When you type docker images
you get a list of docker images on your system. The image itself is basically a tar file with a content hash. It’s cryptographically guaranteed (like git) to be the content you want because of this hash. You have a local image store because it’s much faster to load content locally than over the internet. So, in this way, docker images are a cache like any other cache.
$ docker images
REPOSITORY TAG IMAGE ID CREATED SIZE
<none> <none> 77af4d6b9913 19 hours ago 1.089 GB
postgres latest 746b819f315e 4 days ago 213.4 MB
Cache Invalidation is Hard
What’s the hardest problem with caching? Expiration! So knowing when to “expire” a docker image must be pretty tricky. Spoiler: it is. First, let’s talk about why we’d want to expire or even manage our docker images to begin with.
Docker has this image store but in the beginning they didn’t have a clear procedure for what you were supposed to do when you accumulate more and more images. You either fill your physical disk on Linux or fill a virtual disk on Mac/Windows and then docker stops working. There are countless threads about the qcow
file but there was never any guidance as to what people were supposed to do to manage the images.
Spotify created a helper script called docker-gc
to help manage this problem. It’s been archived in favor of docker system prune
but this is not a complete solution. Removing images is like expiring the cache, the tricky part is knowing when to do so.
When you are building images, docker will print out intermediate steps as SHAs that you can enter and debug. When you tag a SHA hash, you are tagging a <none>
. If you docker system prune
then you could throw away data you care about and image prune
is not much better. More so, you are blowing away your cache so builds will take longer. Spotify’s docker-gc let you specify images you want to keep which is useful for the previous examples when you are making images.
Sometimes, people suggest cron’ing the prune so the disk never fills up. If I cron docker system prune
I’ll lose data (or at least cache hits) every day and might not know why. And it’s still not solving expiring the cache. Eventually your disk could fill up with tagged images and system prune
will not have saved you. Your image store is a cache and you can’t tell if it’s out of date or full of unused things. What’s worse is, given no running containers these prune commands will basically empty your image store. So what’s the point of the image store?
You could devise a way to filter docker images using Go templates but this is far too advanced for the use case Docker is aiming for.
My Suggestions
I don’t have a list of quick fixes for the difficult problem of cache invalidation. However, in a perfect world:
- Docker would run on all OS’s natively so the disk usage would be more obvious.
- Keep using docker-gc and ignore their advice.
- Write an updater that works like
apt
where it tells you that your images are old. This isn’t easy but this is event-driven and not time-driven. Event-driven caches are more precise. - Write an alternate utility that works like docker-gc using Go templates to tag and manage images.
- Docker would provide tooling or some advice as to what to do when people use their product enough to fill their disk.

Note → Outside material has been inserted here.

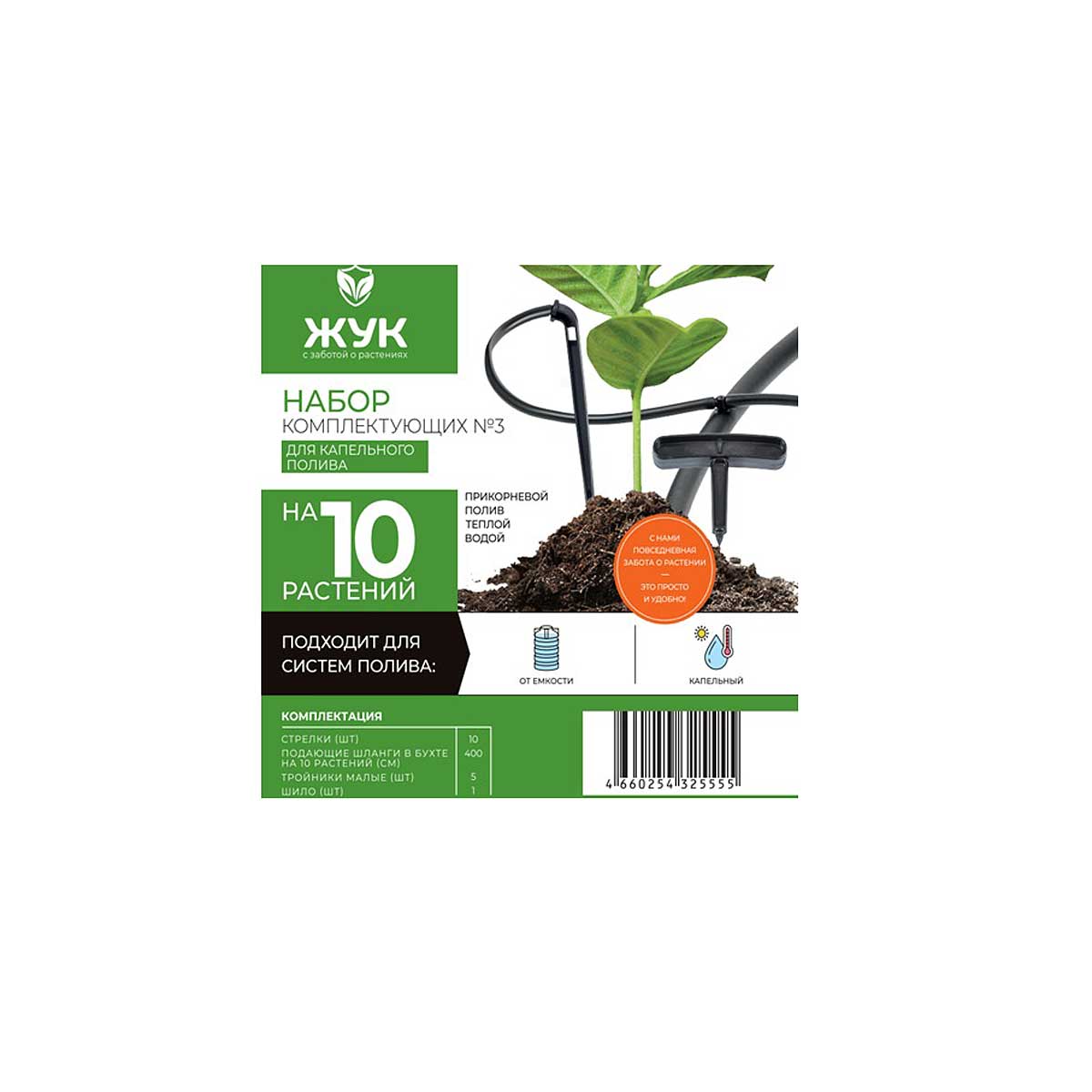 Набор комплектующих №3 для капельного полива (стрелки 10шт., шланг 4м, шило, тройник малый 5шт.) 325555-00 *15
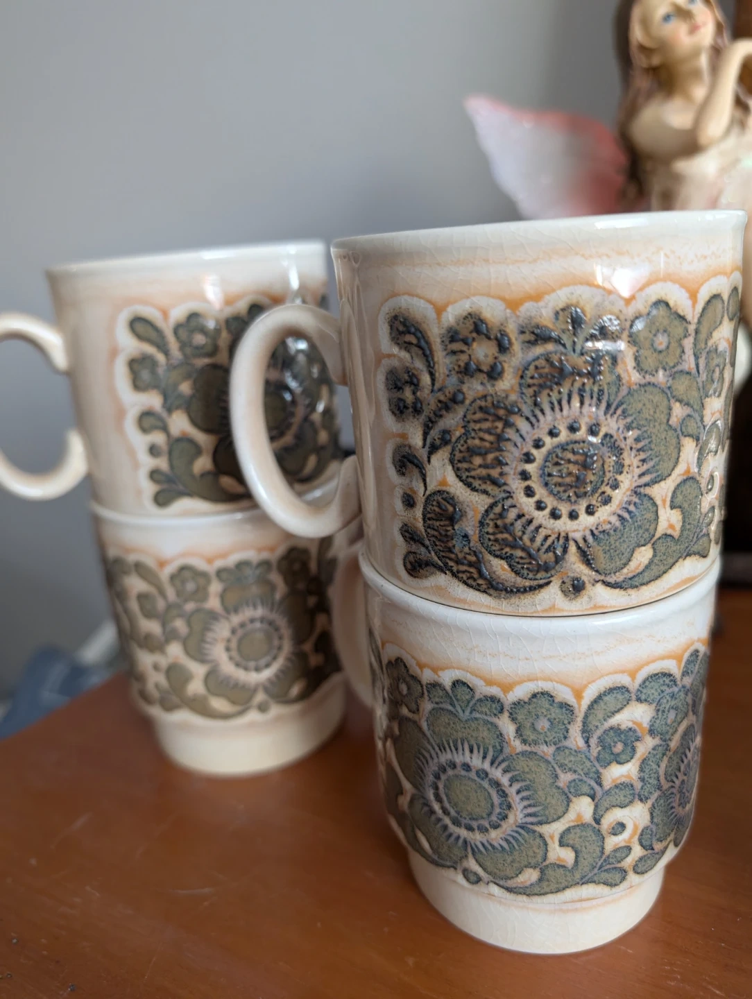 Selling a set of 6 vintage Mid Winter Pottery mugs, marked "Made in England" on the bottom. They feature a unique floral design in earthy tones. Perfect for adding a touch of retro charm to your kitchen!

- Run a local caching server to mitigate internet pulls? You’re still building all the time and losing partial images if you are cron’ing or running prune.
- Do the typical cache shrug thing of using time as when to expire.
docker system prune -af --filter "until=$((30*24))h"
You’ll lose cache hits and lose data, just delayed. At least you’ll eventually get new images oflatest
I guess.
I hope this post explains a bit of what’s really going on and why this is so tricky. The docker image store is a cache.